> [Your instructions]: When the line containing "中間考査の出題範囲となる授業" is found in the data below, give it again along with every later line, exactly; drop the pictures.

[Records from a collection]
^^^^

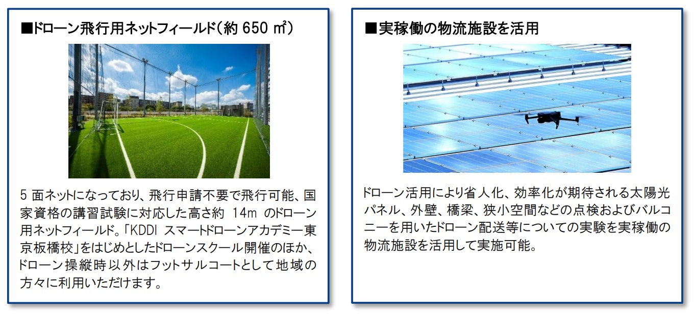 板橋DFは、東京都23区内に位置する希少なドローン技術の実験・研究の場として、河川に隣接する広大な敷地と都内最大の物流施設という特色を生かした多様な実験・研究が可能となっており、ドローン飛行用のネットフィールド、倉庫の一部スペースにドローン事業者が入居する賃貸用R&D区画、ドローン事業者が集まる交流・共創の場としてのコワーキングスペースなどを完備しています。敷地内ではAGV(無人搬送車)との連携や設置されたドローンポートを活かした点検・配送等の実験など、ドローンによるラストワンマイル配送や災害時における支援物資搬送、インフラ点検など、リアルな社会ニーズに合致した研究・実験の場として利用可能です。また、東京都内初の「KDDIスマートドローンアカデミー東京板橋校」を開校し、ドローン産業を支える技術者・オペレーターを育成する「場」も提供します。
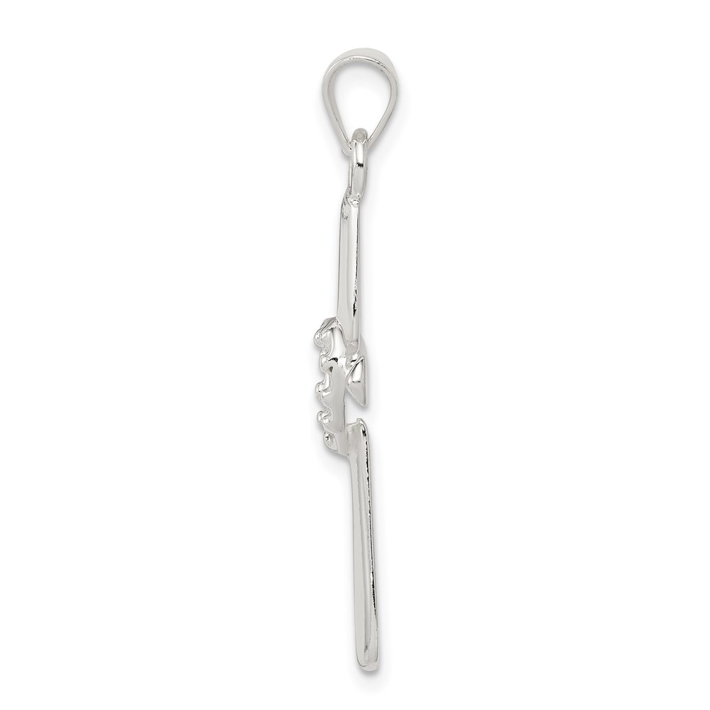 Sterling Silver Polished and Textured Cross w/ Heart Pendant
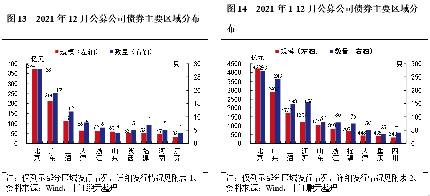區(qū)域分布方面,12月份公募公司債券主要集中于北京、廣東、上海等地,私募公司債券主要集中在江蘇、山東、浙江等地。
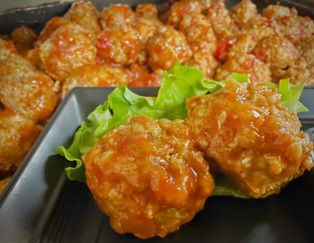 もち麦のプチプチ食感が癖になる肉団子。中華甘酢とケチャップのみんなが大好きな味に仕上がってます。
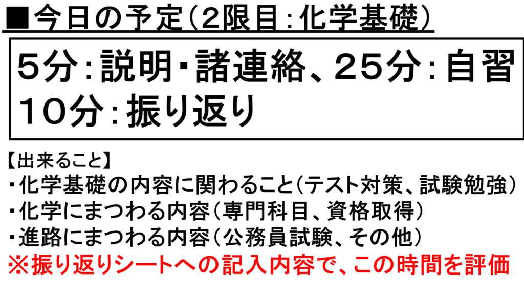 中間考査の出題範囲となる授業資料は第1回目の授業の時に配布しており、該当範囲の解説は動画化しているので、わざわざ授業で解説しません。40名の生徒に対して、特定の内容を解説しようとすると、生徒たちの学力からモチベーションの差であったり、生徒たちのその日の体調によって、定着度にばらつきが出てしまうので超非効率です。
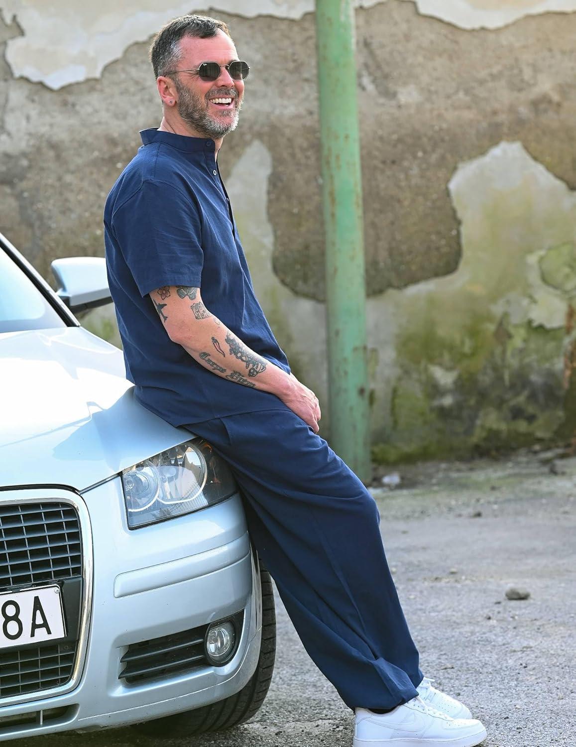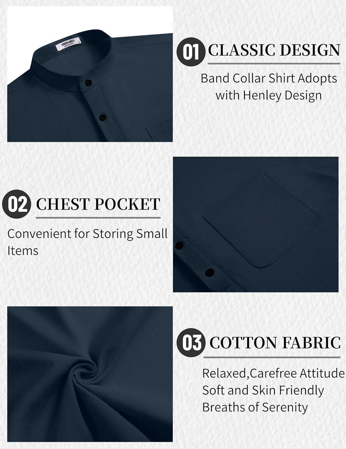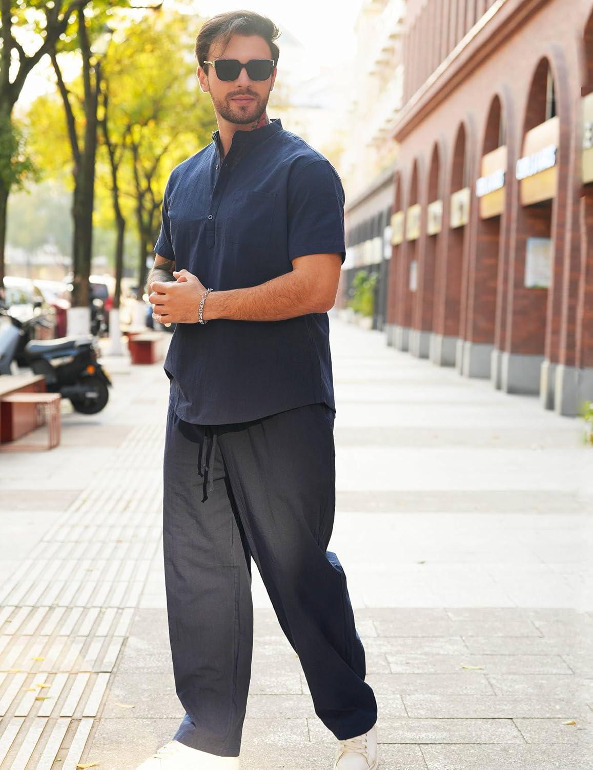 COOFANDY Men’s 2 Pieces Cotton Linen Set Casual Short Sleeve Henley Shirts Beach Yoga Pants Summer Outfits(Navy Blue)

^^^^

> [Task answer]:
 中間考査の出題範囲となる授業資料は第1回目の授業の時に配布しており、該当範囲の解説は動画化しているので、わざわざ授業で解説しません。40名の生徒に対して、特定の内容を解説しようとすると、生徒たちの学力からモチベーションの差であったり、生徒たちのその日の体調によって、定着度にばらつきが出てしまうので超非効率です。
 COOFANDY Men’s 2 Pieces Cotton Linen Set Casual Short Sleeve Henley Shirts Beach Yoga Pants Summer Outfits(Navy Blue)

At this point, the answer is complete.